__TASK STATEMENT__.
Excluding pictures, what does the listing below contain from the line with "Susan Williams-Ellis for" up to and including the line with "and click add", word for word?

__RECORDS PROVIDED__.

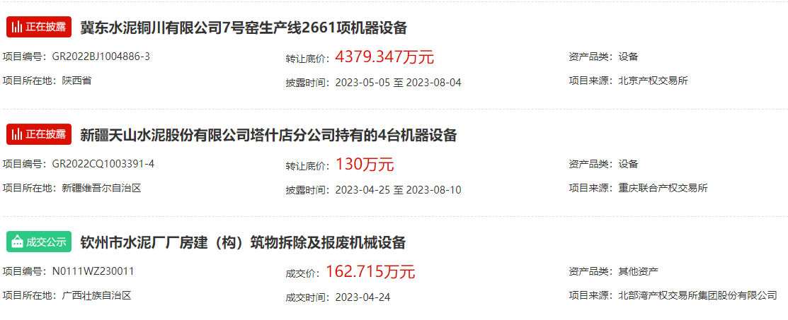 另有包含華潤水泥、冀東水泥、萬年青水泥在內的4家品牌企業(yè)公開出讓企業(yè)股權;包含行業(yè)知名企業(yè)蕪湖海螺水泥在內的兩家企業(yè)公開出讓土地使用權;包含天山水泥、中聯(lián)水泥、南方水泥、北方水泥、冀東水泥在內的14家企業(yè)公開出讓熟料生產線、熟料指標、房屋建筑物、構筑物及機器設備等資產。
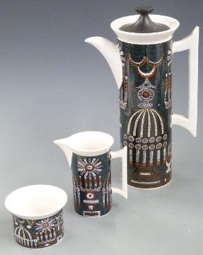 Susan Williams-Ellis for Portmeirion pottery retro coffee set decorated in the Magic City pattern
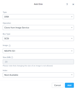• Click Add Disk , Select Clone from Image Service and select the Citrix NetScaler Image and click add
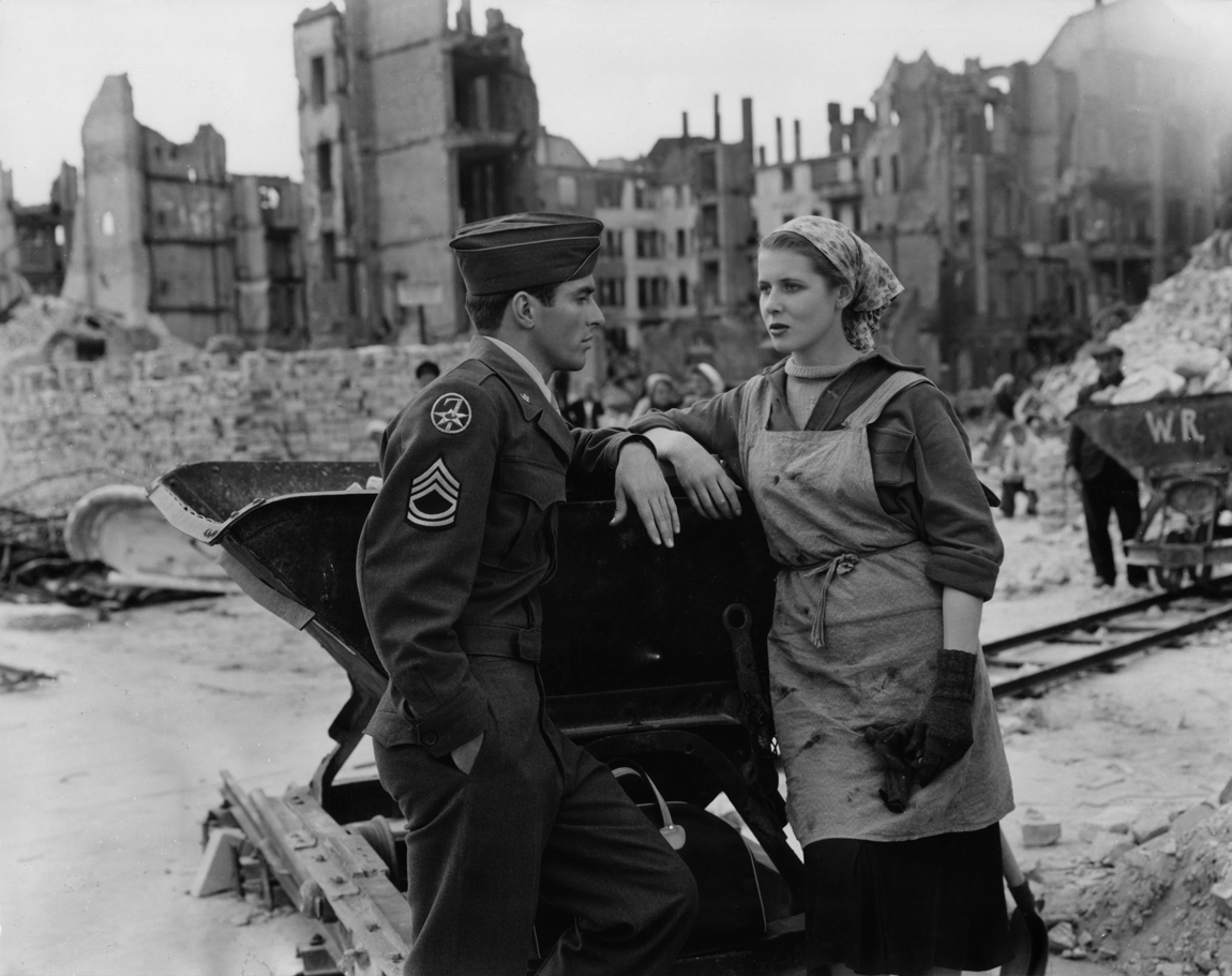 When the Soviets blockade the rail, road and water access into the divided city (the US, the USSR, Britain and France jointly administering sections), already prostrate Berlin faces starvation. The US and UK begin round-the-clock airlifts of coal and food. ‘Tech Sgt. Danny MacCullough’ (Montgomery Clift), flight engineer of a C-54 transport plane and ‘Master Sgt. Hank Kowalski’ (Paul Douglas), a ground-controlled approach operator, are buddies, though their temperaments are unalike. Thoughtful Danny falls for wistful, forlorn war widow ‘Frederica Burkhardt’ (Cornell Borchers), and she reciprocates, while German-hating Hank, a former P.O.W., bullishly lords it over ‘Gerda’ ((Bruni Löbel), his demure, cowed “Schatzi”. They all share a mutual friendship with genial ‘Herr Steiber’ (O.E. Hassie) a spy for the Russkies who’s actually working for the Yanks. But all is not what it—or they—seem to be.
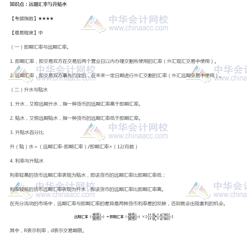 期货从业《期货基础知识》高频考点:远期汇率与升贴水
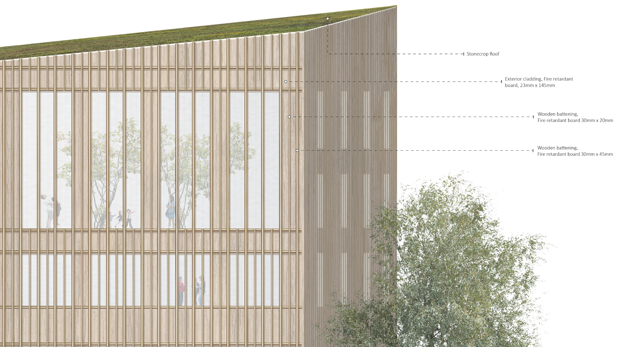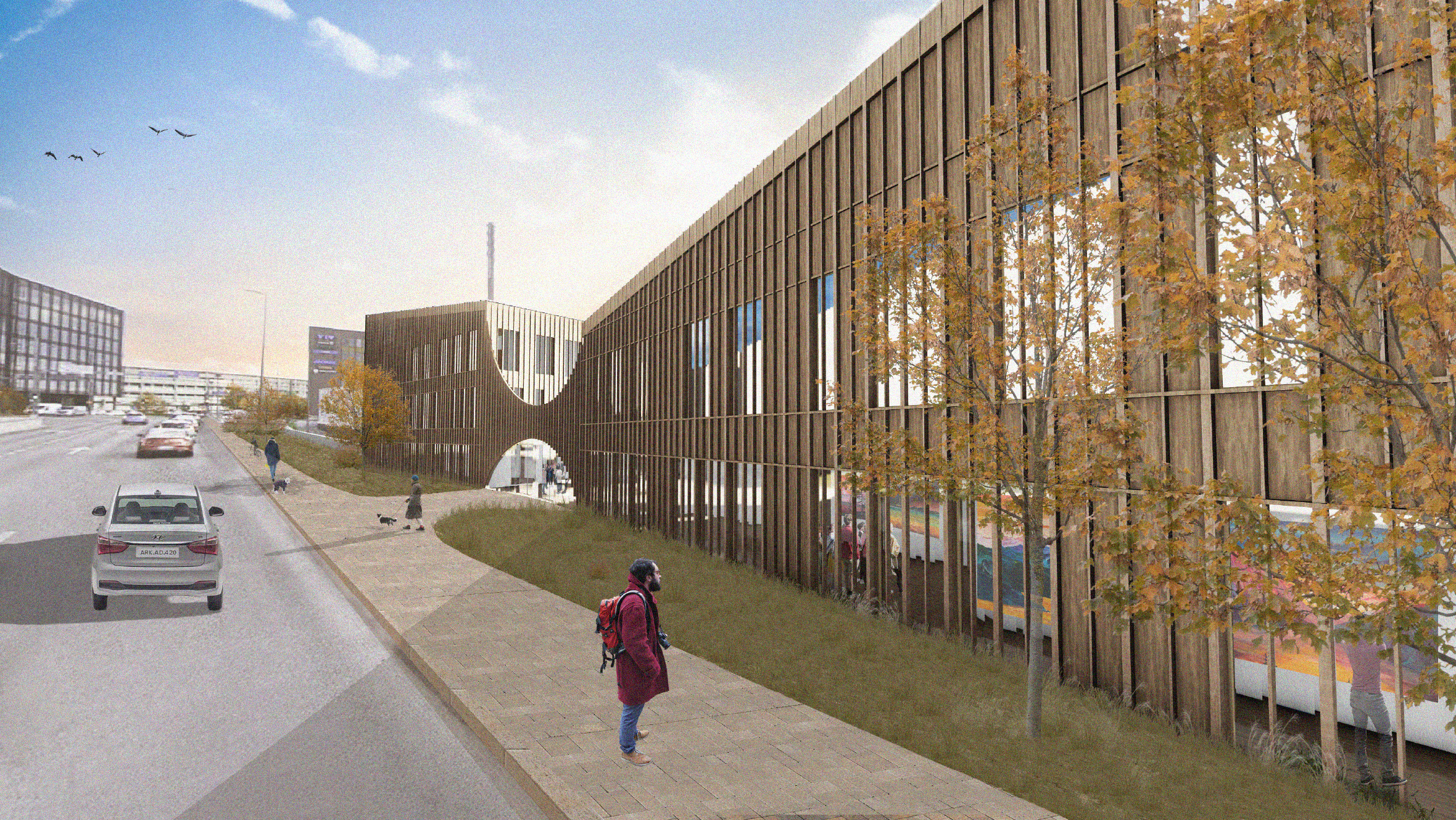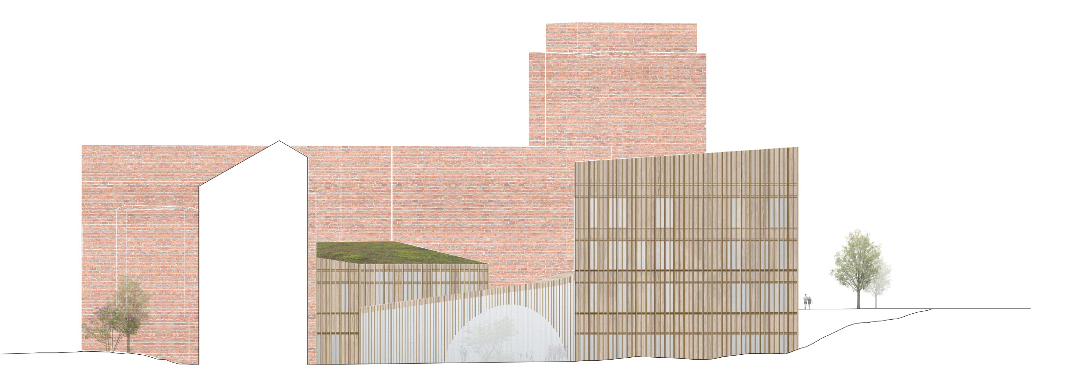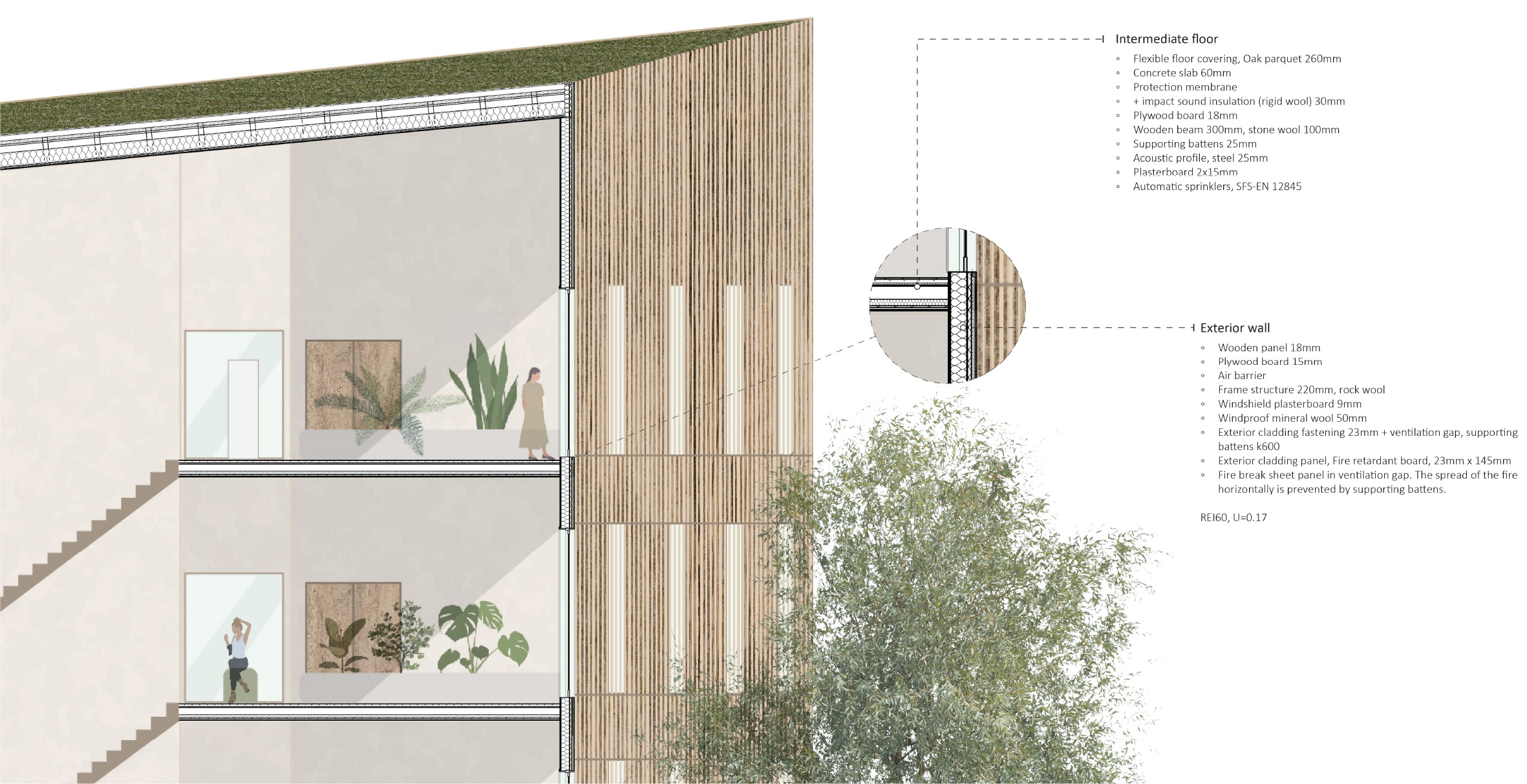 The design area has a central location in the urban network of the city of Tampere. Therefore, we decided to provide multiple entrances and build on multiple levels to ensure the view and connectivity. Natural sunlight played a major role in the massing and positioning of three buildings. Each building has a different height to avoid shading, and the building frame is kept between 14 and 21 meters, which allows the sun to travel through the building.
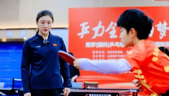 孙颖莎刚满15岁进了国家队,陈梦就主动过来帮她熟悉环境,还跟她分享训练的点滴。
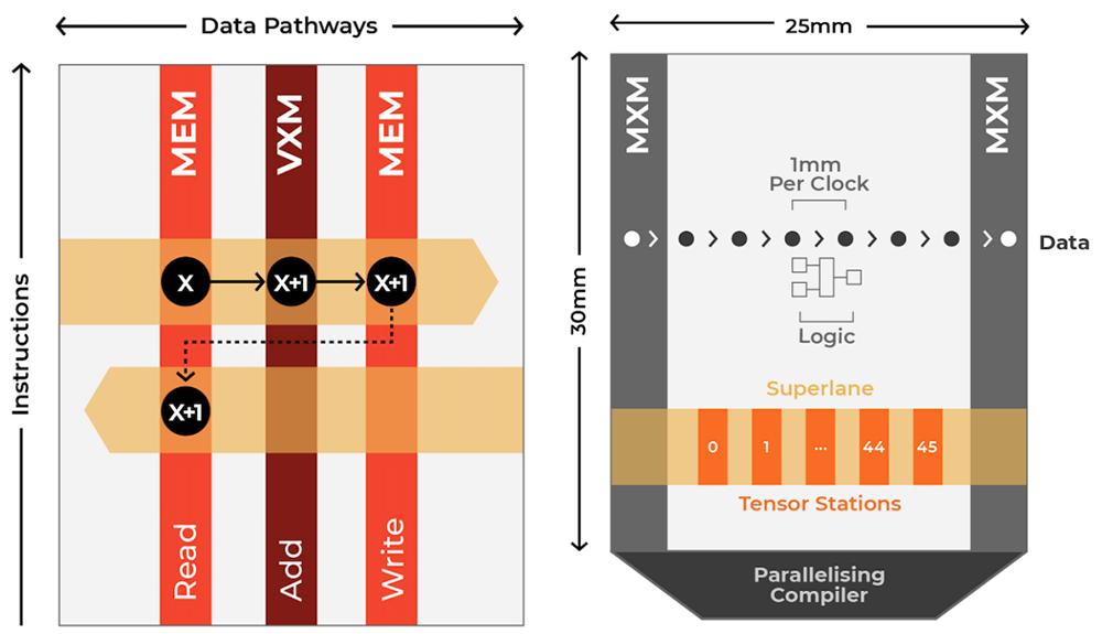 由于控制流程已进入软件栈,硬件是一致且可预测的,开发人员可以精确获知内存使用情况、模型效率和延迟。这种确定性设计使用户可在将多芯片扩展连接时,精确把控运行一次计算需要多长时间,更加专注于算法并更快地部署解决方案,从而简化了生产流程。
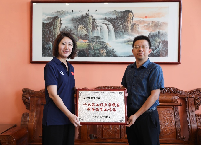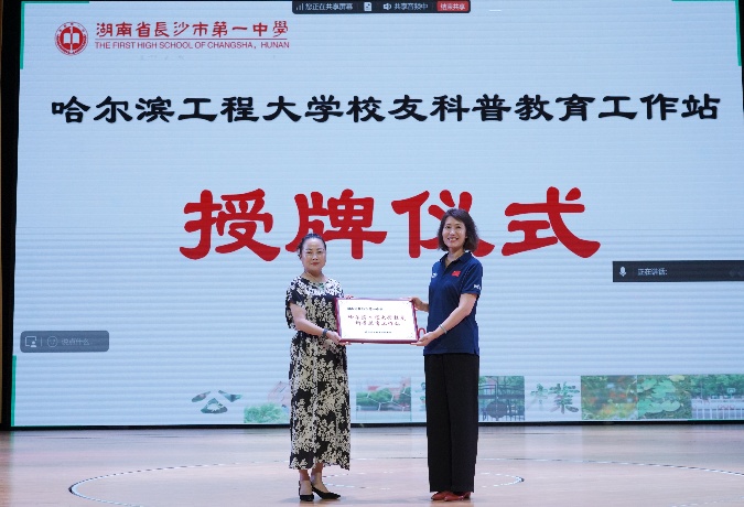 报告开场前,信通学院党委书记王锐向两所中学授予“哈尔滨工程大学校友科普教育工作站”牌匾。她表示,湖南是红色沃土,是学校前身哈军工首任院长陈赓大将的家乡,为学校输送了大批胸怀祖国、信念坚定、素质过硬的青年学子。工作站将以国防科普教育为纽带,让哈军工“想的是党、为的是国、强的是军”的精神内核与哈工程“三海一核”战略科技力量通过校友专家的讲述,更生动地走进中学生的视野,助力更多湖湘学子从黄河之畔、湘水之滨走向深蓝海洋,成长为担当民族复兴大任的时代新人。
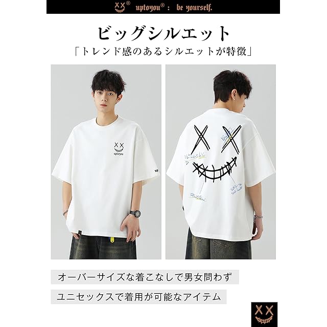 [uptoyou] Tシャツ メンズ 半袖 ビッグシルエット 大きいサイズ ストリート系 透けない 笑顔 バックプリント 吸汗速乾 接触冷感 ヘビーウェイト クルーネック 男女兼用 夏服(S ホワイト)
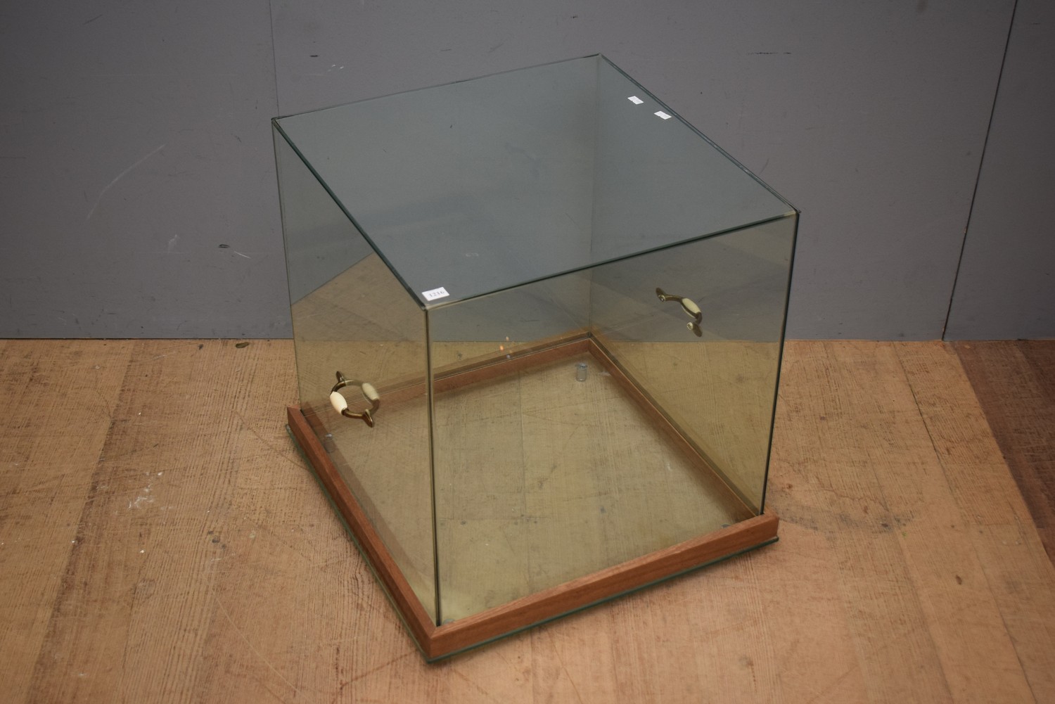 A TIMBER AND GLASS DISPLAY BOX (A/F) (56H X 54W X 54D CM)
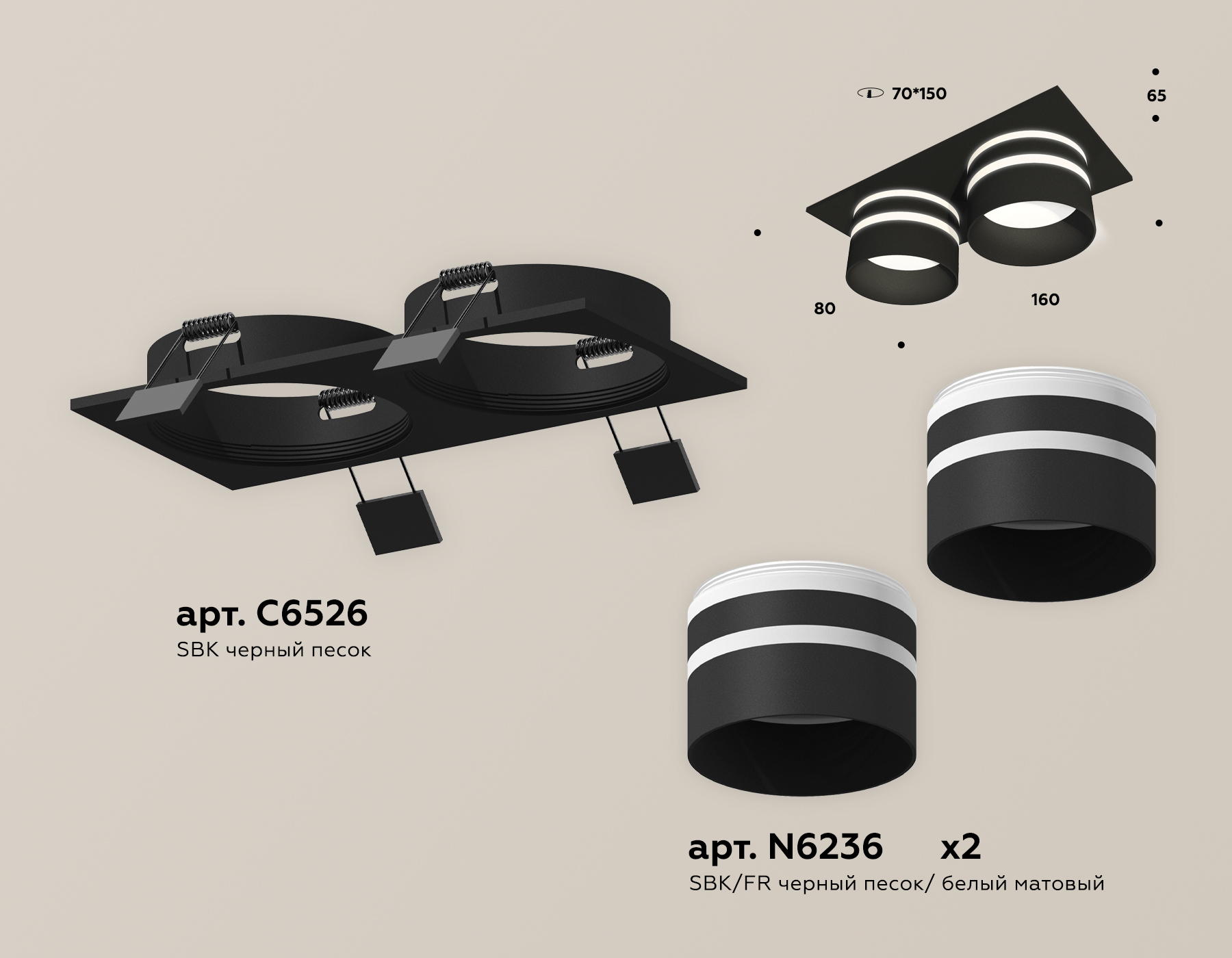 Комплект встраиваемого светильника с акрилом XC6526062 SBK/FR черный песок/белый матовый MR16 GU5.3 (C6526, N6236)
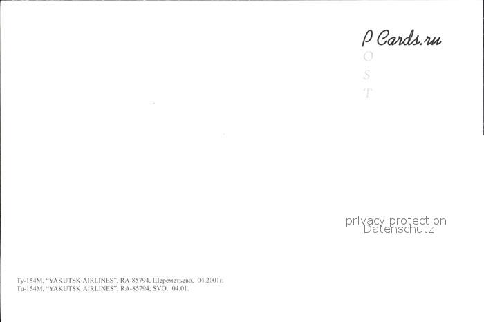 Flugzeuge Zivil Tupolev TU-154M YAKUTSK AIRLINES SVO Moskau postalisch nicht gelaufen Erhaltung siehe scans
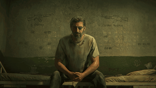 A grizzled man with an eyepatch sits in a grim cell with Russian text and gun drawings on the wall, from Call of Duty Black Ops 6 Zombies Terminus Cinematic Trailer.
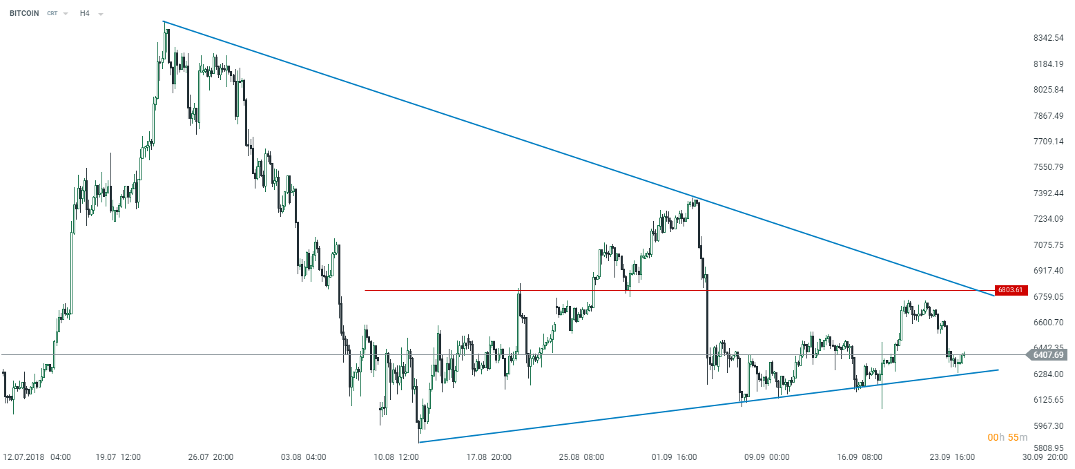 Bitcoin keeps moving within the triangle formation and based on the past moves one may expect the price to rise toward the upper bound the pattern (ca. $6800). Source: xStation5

__ANSWER FOR THE TASK__.
 Susan Williams-Ellis for Portmeirion pottery retro coffee set decorated in the Magic City pattern
• Click Add Disk , Select Clone from Image Service and select the Citrix NetScaler Image and click add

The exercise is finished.